Frequently Asked Questions

What is the Health Insurance Marketplace?

A Health Insurance Marketplace is an online marketplace where individuals will be able to comparison shop for health insurance coverage, much the same way you shop for auto insurance online. A similar marketplace exists for businesses, and is called the Small Business Health Options Program (SHOP) Marketplace. States have been given the option to set up their own marketplace, partner with the federal government to run a marketplace, or let the federal government run the marketplace for them. In Michigan, we will operate with a Federally-Facilitated Marketplace (FFM).

Can anyone buy insurance from the marketplace?

Yes, anyone can shop for, and purchase, insurance on the individual marketplace. However, for those being offered affordable coverage via their employer, it is unlikely to be financially advantageous to do so.

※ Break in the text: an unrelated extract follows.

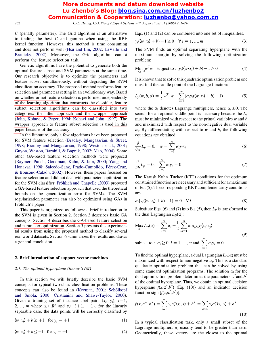 在文献中,只有少数算法被提出用于SVM特征选择(Bradley,Mangasarian,&Street,1998; Bradley和Mangasarian,1998; Weston等人,2001; Guyon,Weston,Barnhill,&Bapnik,2002; Mao ,2004)。 (Raymer,Punch,Goodman,Kuhn和Jain,2000; Yang和Honavar,1998; Salcedo-Sanz,Prado-Cumplido,Perez-Cruz和Bouson-o-Calzo n,2002)。 然而,这些论文集中在特征选择上,并没有涉及SVM分类器的参数优化。 Frohhlich和Chapelle(2003)提出了一种基于遗传算法的特征选择方法,该方法利用了SVMs泛化误差的理论界限。 SVM正则化参数也可以使用Gro在Frohhlich的论文中进行优化。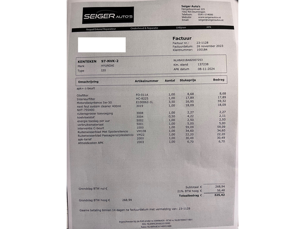 - Onderhoudsboekje aanwezig?

Companies with 50 or fewer FTEs can use the SHOP Marketplace. For businesses that qualify for the small business health care tax credit, using the SHOP is a requirement for receiving that credit. Read more about the benefits of the SHOP here.

Most Americans will continue to get their health insurance through their employers, not through the marketplace.

How do I use the Marketplace?

You will go to the Marketplace website and fill out a simple application to see if you qualify for discounts or other coverage such as Medicaid or Medicare. Then you can start using the online Marketplace to compare different coverage options from different health insurance providers and choose the one that meets your needs and your budget.

What kind of coverage can I get through the Marketplace?

All plans offered through the Marketplace have to offer a set of essential benefits. These essential health benefits will include hospital, emergency, maternity, pediatric, drug, lab services, and other care. Annual deductibles will be capped at the amounts allowed for health savings accounts – currently nearly $6,000 for individual policies and $12,000 for family plans. Plans will be divided into four different types (bronze, silver, gold or platinum) based on the level of benefits.

How much will my health insurance cost through the Marketplace?

That will depend on many factors including the type of plan you choose and what, if any, discounts you qualify for. Bronze and silver plans will be capped at 9.5 percent of your income for 300-400 percent of the federal poverty level, while the gold and platinum plans can cost no more than 12 percent of your income.

What discounts can I qualify for?

You may qualify for discounts to help pay for premiums if your income is below 400% of the Federal Poverty Level. Read more about both the two types of subsidies available to qualifying individuals who purchase on the Marketplace: The Advanced Premium Tax Credit, and cost-sharing assistance. You may also qualify for programs such as Medicare, Medicaid, and the Children's Health Insurance Plan (CHIP). View our Three Health Care Options Slideshare for more information.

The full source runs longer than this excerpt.